The output unit 15 also includes a display device such as a liquid crystal display and an output means such as a printer. The output unit 15 outputs the results of carrying out arithmetic processing by the sperm quality evaluation unit in the form of values of the results of evaluating sperm quality, fertility indicator values or predicted fertility and the like.

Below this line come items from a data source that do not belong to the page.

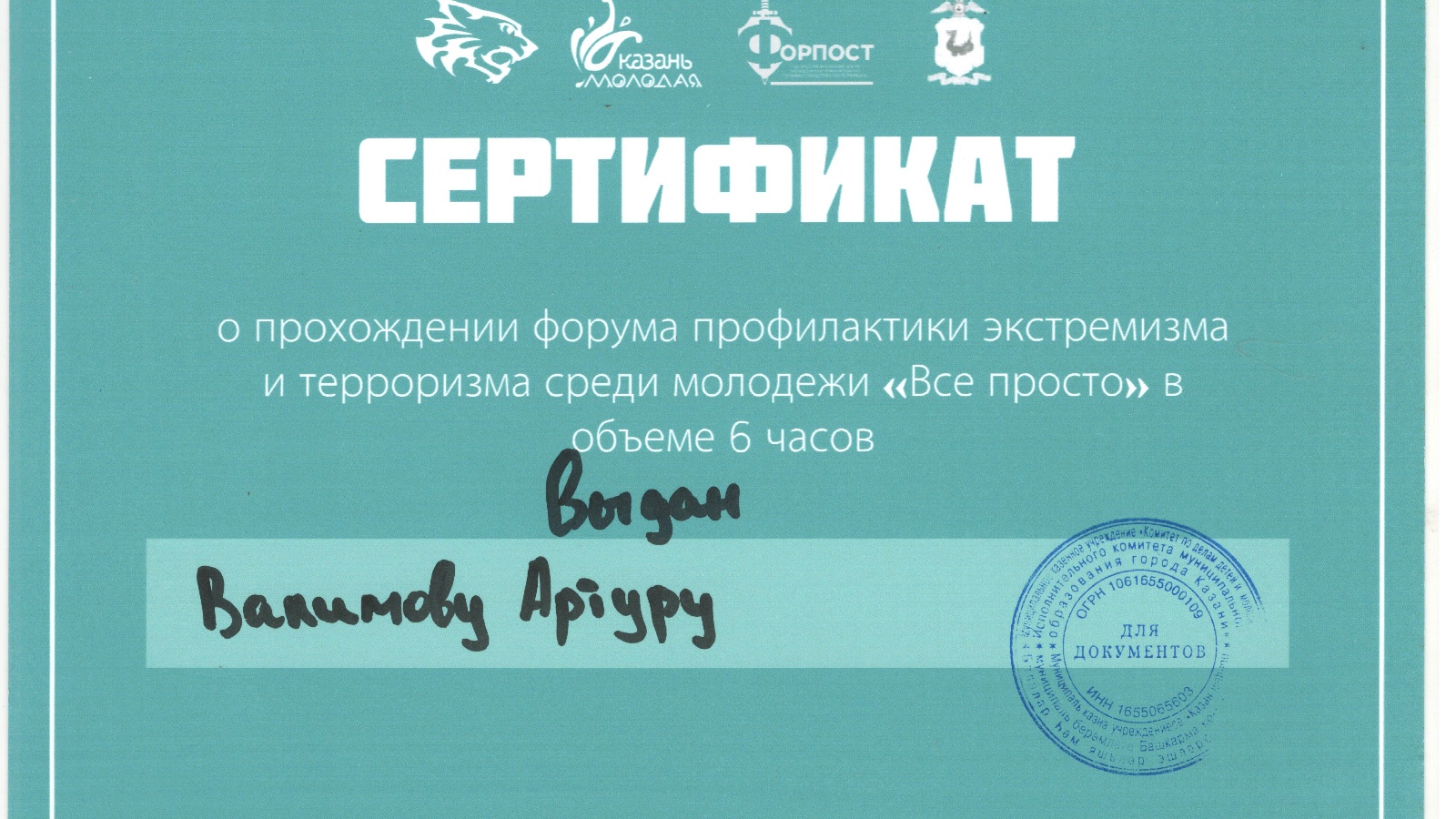 14 декабря 2021 г. на базе Исторического парка «Россия – Моя История» состоялся Форум по профилактике экстремизма и терроризма среди молодежи «Все просто», на котором принял участие студент 2 курса гр. №540Ю/9 Валимов Артур.
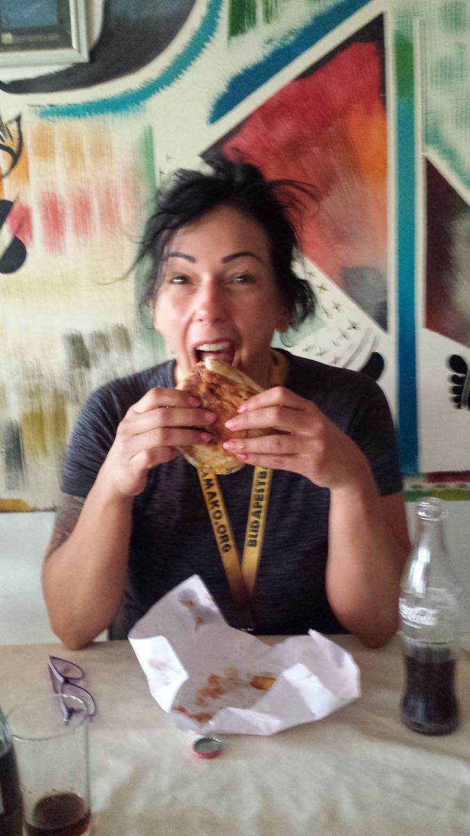 Volt még egy megálló, én nem tudom miért éhezik itt így ki az ember, mindenki mondja, hogy tökoké a kaja, nekem nem megy le már szinte semmi, ha még egy protein szeletet vagy kekszet meglátok tutira elhányom magam, jó kis támogatás ez nekem a későbbi diétám visszaállításához. Eh pfejj. No szóval mecset utáni napon a sátoros alvás és lövések után begurultunk a Best Burgerbe Tambacoundában, ahol gyanúsan nem volt kajaszag. Kértünk, hozták, marha jó az üveges kóla nem édes mint Európában, és egy laza óra leforgása után jöttek a börgerek valahonnan máshonnan, tálcán, becsomagolva. King burger kérem azt jelenti, hogy minden belemegy a cipóba és becsomagolják papírba, egyed. A könyökömön csorgott a lé, na. Gasztro ötös adott körülmények között.
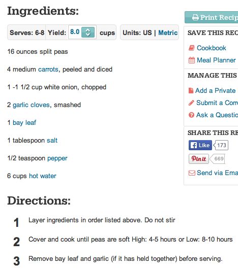 Yesterday morning I made Vegetarian Slow Cooker Split Pea Soup gleamed from the internet.
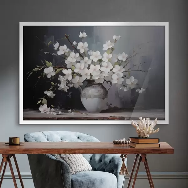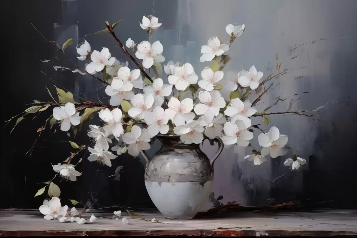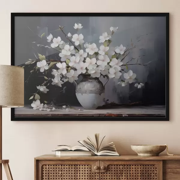 Affiche Branches fleuries dans un vase sur un fond sombre dans un style pittoresque f44949
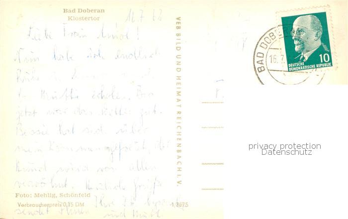 73753530 alte Postkarte Bad Doberan Klostertor postalisch gelaufen Erhaltung siehe scans [FriedD77] KatCode: 11110013051004
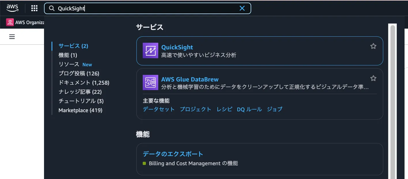 QuickSight アカウント作成
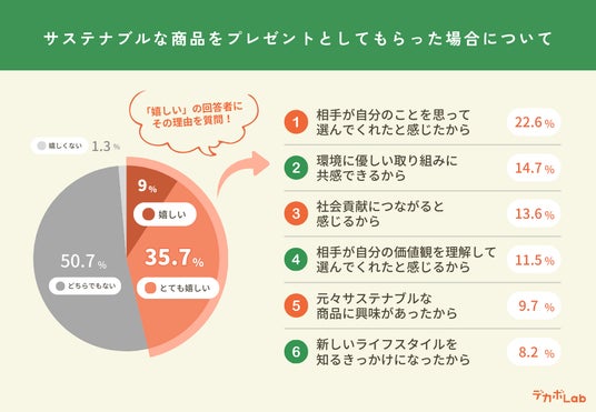 調査では、「サステナブルな商品をプレゼントでもらったら嬉しい」と回答した人のうち、最も多かった理由が「相手が自分のことを思って選んでくれたと感じるから」(22.6%)というものでした。
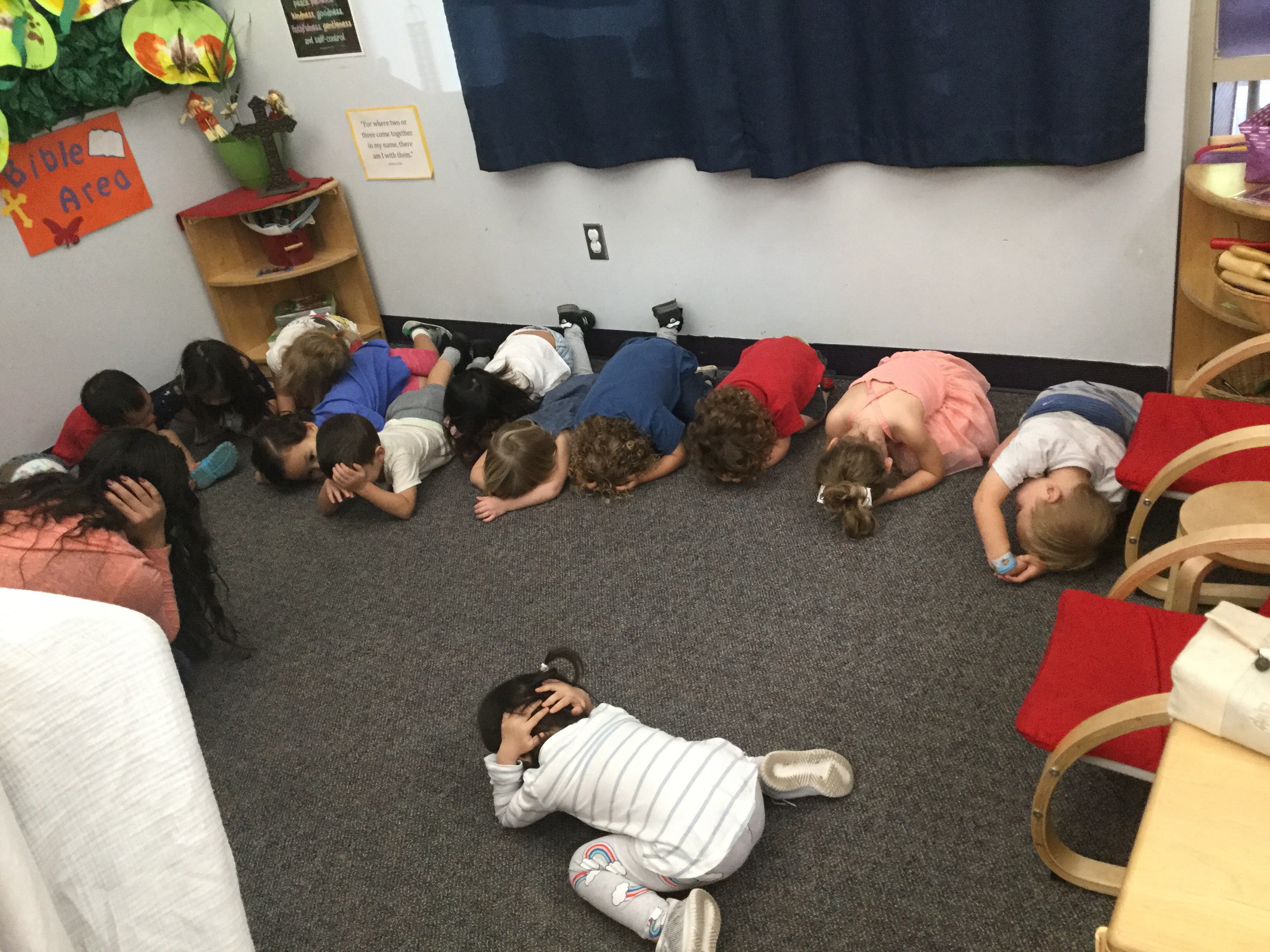 We finished with a bag…YES, we were part of The Great California Shake Out.🤗 We practiced in class then we did the big practice by joining the big school.
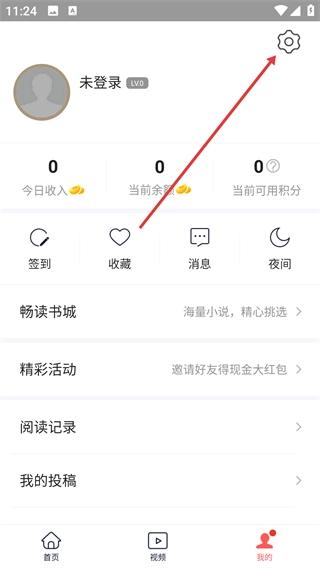 1、在【我的】页面,能查看收益、积分等信息,点击右上角的齿轮图标,即可进入【设置】界面调整应用参数。
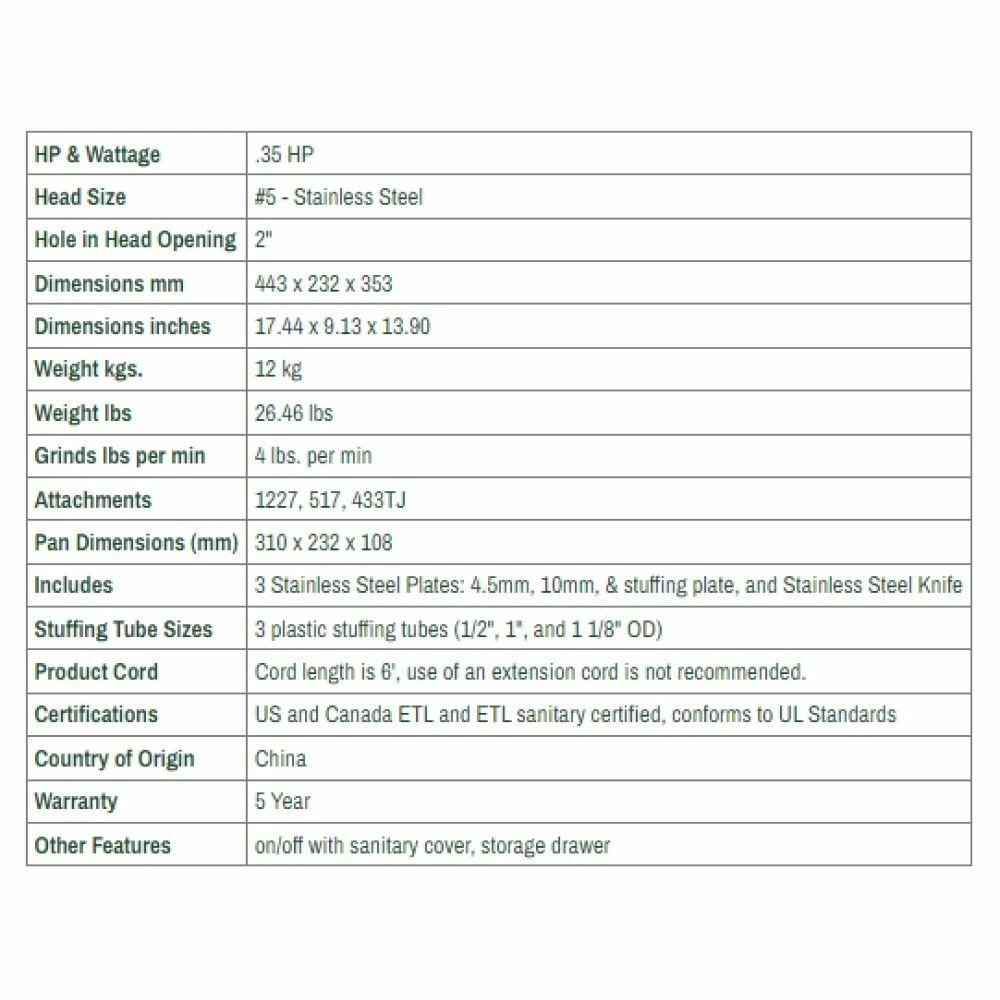 When itβs time to step up from an average kitchen grinder, itβs time for the LEM Big Bite Meat Grinder #5 17771-LEM. This LEM meat grinder is a .35-HP version of its larger 1.5 HP grinder big brother, and is upgraded and improved with a rifled head; large-diameter, offset throat; quieter gears; and refined performance overall. Designed for smaller grinding tasks, this electric meat grinder grinds about four pounds of meat per minute. Features include a stainless steel motor housing, all metal gears with roller bearings, a built-in circuit breaker, and a .35-HP induction motor that is permanently lubricated for quiet operation. LEMβs exclusive Big Bite Technology allows the grinderβs auger to grab large chunks of meat and quickly feed them to the grinder head for a superior grind in record time. The rifled head design initiates an enhanced second grind to practically eliminate stomping and improve sausage stuffing. Everything you need to grind beef, pork, and wild game comes with the LEM Big Bite Meat Grinder, including a meat stomper, knife, stuffing plate, two grinding plates, three stuffing tubes, and a large meat pan. LEM covers its improved #5 meat grinder with a 5-year warranty and provides lifetime customer support, so youβre guaranteed to be grinding meat for sausage, jerky, burgers, and more for years to come.

The following provides a detailed explanation of the sperm inspection method and device of the present invention using the following examples. The present invention is not limited to the following examples, and can be altered or modified within the normal range of the technical field of the present invention.

Example 1

Examination of Inspection Liquid pH

Frozen semen prepared using ejaculated semen from breeding bulls from the Livestock Improvement Association of Japan, Inc. was thawed in accordance with ordinary methods and centrifuged for 5 minutes at room temperature at 2000 rpm for 10 million sperm, followed by removing the supernatant and adding to the sediment 250 μl of inspection liquid prepared by adding 140.6 mM tris(hydroxymethyl)aminomethane (Wako Pure Chemical Industries, Ltd.), 45.3 mM citric acid (Wako Pure Chemical Industries, Ltd.), 16.7 mM glucose (Wako Pure Chemical Industries, Ltd.), 79.2 mM sodium chloride (Wako Pure Chemical Industries, Ltd.), 2 mM calcium chloride (Wako Pure Chemical Industries, Ltd.), 0.3% (w/v) BSA (Wako Pure Chemical Industries, Ltd.), 650 U/ml of penicillin G potassium (Banyu Pharmaceutical Co., Ltd.) and 0.7 mg (titer)/ml of streptomycin (Meiji Pharmaceutical Co., Ltd.), and using 1 N sodium hydroxide or 1 N hydrochloric acid to adjust the pH from 6.0 to 9.0 in 0.2 increments. The inspection liquids were then incubated for 10 minutes at 38° C. Equal volumes of the aforementioned inspection liquids at each pH to which had been added 4% (w/v) polyvinylpyrrolidone K-90 (Wako Pure Chemical Industries, Ltd.) were mixed, dropped into a slide chamber (Leja B.V.) pre-warmed to 38° C. and having a thickness of 20 μm, and measured using the sperm mobility analyzer, Ceros (Hamilton Thorne, Inc.).

The measurement results are shown in FIG. 4. Measurement was possible over a range of pH 6.0 to 8.6, and sperm having high propulsion were able to be detected over a pH range of 7.2 to 8.2. The highest proportion of sperm exhibiting the highest propulsion was detected at pH 7.6.

Example 2

Examination of Suspension Time

Frozen semen prepared using ejaculated semen from breeding bulls from the Livestock Improvement Association of Japan, Inc. was thawed in accordance with ordinary methods and centrifuged for 5 minutes at room temperature at 2000 rpm for 10 million sperm, followed by removing the supernatant and adding 250 μl of the inspection liquid described in Example 1 to the sediment after adjusting the pH to 7.6. The inspection liquid was then incubated at 38° C. Equal volumes of the aforementioned inspection liquids to which were added 4% (w/v) polyvinylpyrrolidone K-90 immediately after suspending (0 minutes) or at 10, 30 and 60 minutes after suspending were mixed and then measured using the method described in Example 1.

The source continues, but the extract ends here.